RBI Has No Independent Power To Accept Demonetised Notes Beyond Period Specified In Centre's Notification : Supreme Court
A 5-judge Constitution Bench of the Supreme Court held by 4:1 majority that the Reserve Bank of India does not possess independent power to accept the demonetized notes beyond the period specified under notifications issued by the Central Government under Specified Bank Notes (Cessation of Liabilities) Act, 2017.The majority comprising Justices S Abdul Nazeer, BR Gavai, AS Bopanna and...
A 5-judge Constitution Bench of the Supreme Court held by 4:1 majority that the Reserve Bank of India does not possess independent power to accept the demonetized notes beyond the period specified under notifications issued by the Central Government under Specified Bank Notes (Cessation of Liabilities) Act, 2017.
The majority comprising Justices S Abdul Nazeer, BR Gavai, AS Bopanna and V Ramasubramanian held so while considering a plea raised by petitioners for extending the time for exchange of banknotes for persons who could not meet the deadline due to genuine hardships.
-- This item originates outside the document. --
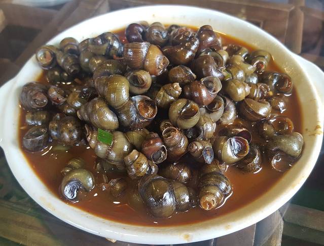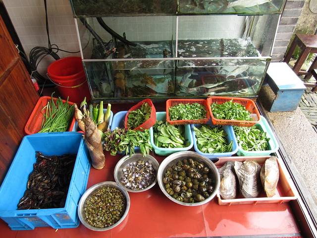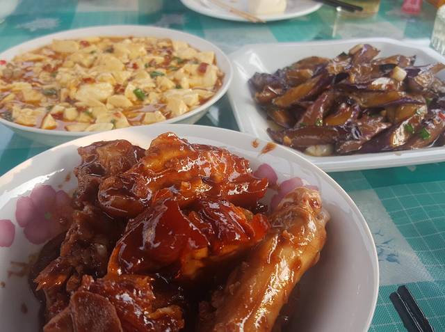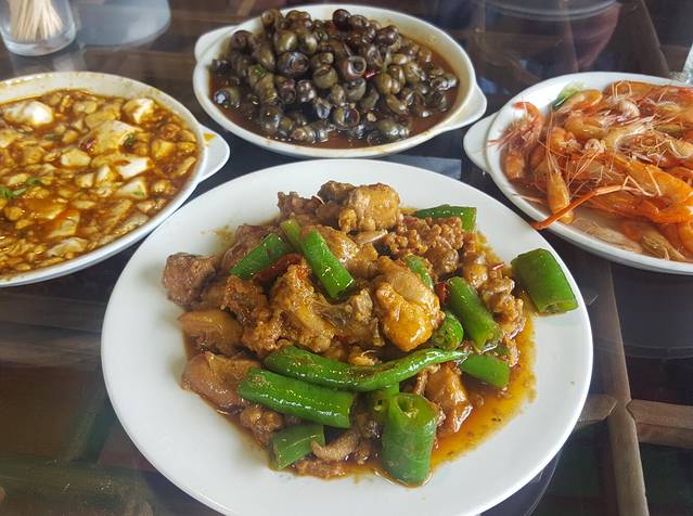 除了炒螺这道前菜外,我们又点了:炒河虾、素炒时蔬、麻辣豆腐、尖椒炒肉和一大盆米饭,喝了两壶免费茶水后,离开餐厅继续今天的旅程。

As per Section 4(1) of the 2017 Act, a grace period was given for Indian citizens who were outside India between November 8, 2016 and December 30, 2016. Senior Advocate Shyam Divan, appearing for some petitioners, urged the Court to extend this benefit to other persons too who faced genuine difficulties in exchanging the notes before December 30, 2016. He raised an argument that Section 4(2) of the 2017 Act gives an independent power to the RBI to accept demonetised currency beyond the specified period.
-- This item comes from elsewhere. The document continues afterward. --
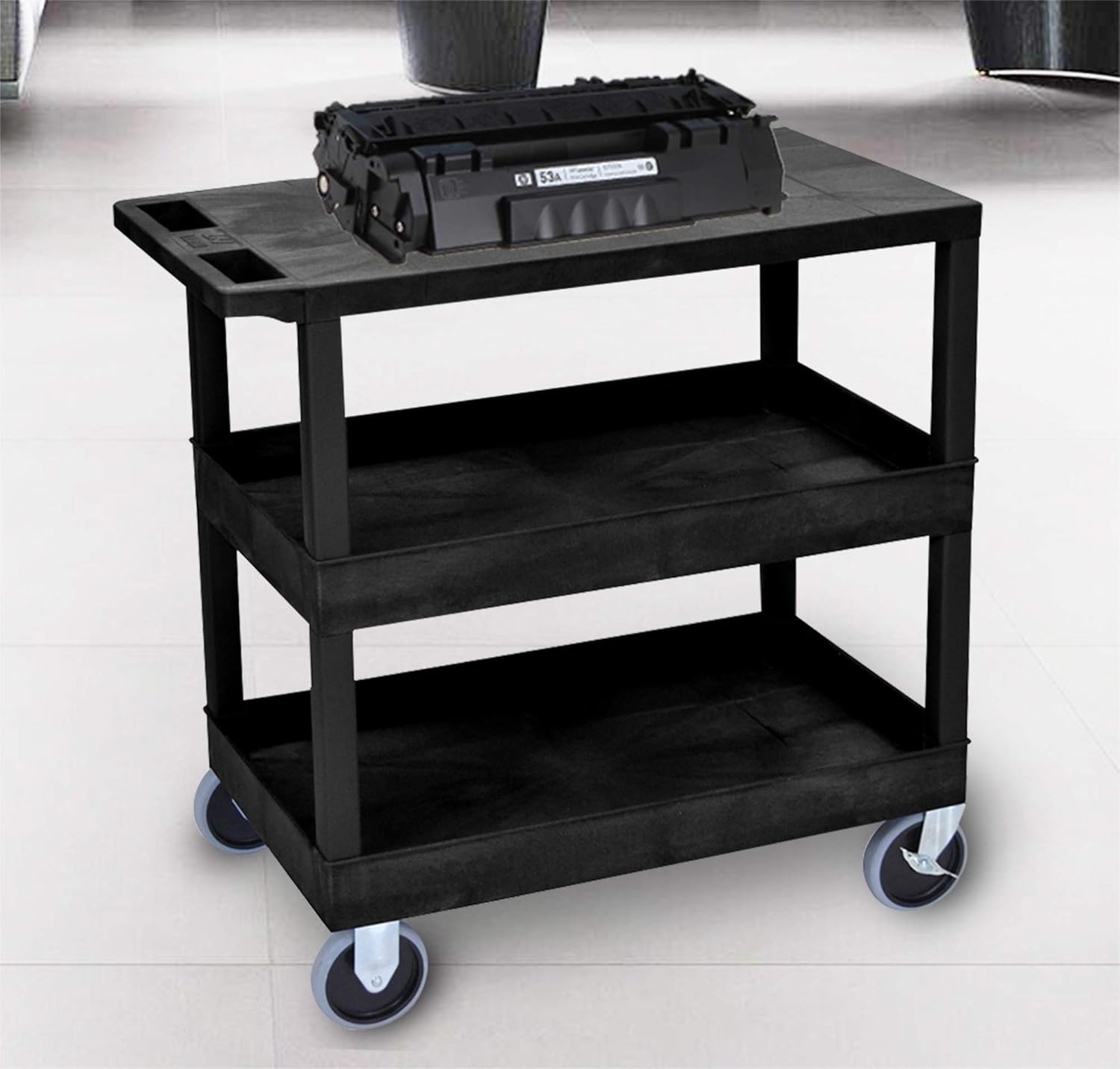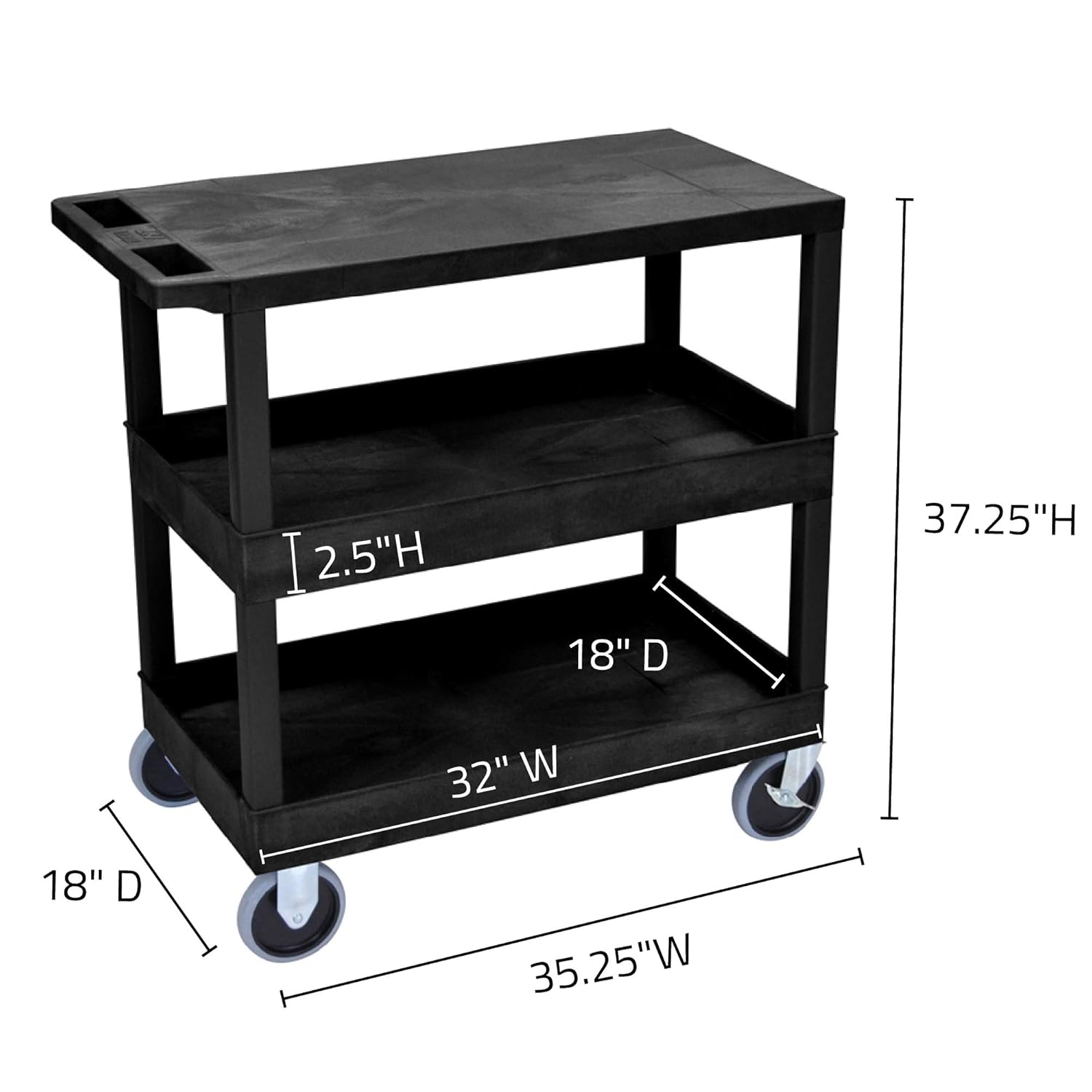 LUXOR EC211HD-B 32" x 18" Cart - Two Tub/One Flat Shelves

Section 3 of the 2017 Act provided that the demonetised currency notes will cease to be legal tender with effect from the notified date.
Section 4(1) provides that 'notwithstanding anything contained in section 3, the following persons holding specified bank notes on or before the 8th day of November, 2016 shall be entitled to tender within the grace period with such declarations or statements, at such offices of the Reserve Bank or in such other manner as may be specified by it, namely:— (i) a citizen of India who makes a declaration that he was outside India between the 9th November, 2016 to 30th December, 2016, subject to such conditions as may be specified, by notification, by the Central Government; or (ii) such class of persons and for such reasons as may be specified by notification, by the Central Government.
Section 4(2) provides that the Reserve Bank may, if satisfied, after making such verifications as it may consider necessary that the reasons for failure to deposit the notes within the period specified in the notification referred to in section 3, are genuine, credit the value of the notes in his Know Your Customer compliant bank account in such manner as may be specified by it.
The argument raised was that the RBI has an independent power under sub-section (2) of Section 4 of the 2017 Act in isolation of provisions of Section 3 and Section 4(1) thereof to accept the demonetized notes beyond the period specified in notifications issued under subsection (1) of Section 4.
Answering this issue, the bench noted that Section 4 of the 2017 Act provides for an integrated scheme. The bench observed that the statute must be read as a whole and the provisions cannot be seen in isolation.
"It is a complete code in itself. Under sub-section (1) of Section 4 of the 2017 Act, the Central Government is entitled to provide grace period. Under sub- section (2) thereof, the RBI is required to satisfy as to whether a person seeking to take benefit of grace period under sub-section (1) is entitled thereto after satisfying that the reasons for not depositing the SBNs prior to 30th December 2016, are genuine, and thereafter, credit the value of the said notes in his ‘KYC compliant bank account’. Sub-section (3) thereof provides for an appeal.
We are therefore of the considered view that subsection (2) of Section 4 of the 2017 Act cannot be read independently to provide power to the RBI in isolation of subsections (3) and (4) thereof. It is to be read as a part of the scheme of Section 4 of the 2017 Act.", the bench observed.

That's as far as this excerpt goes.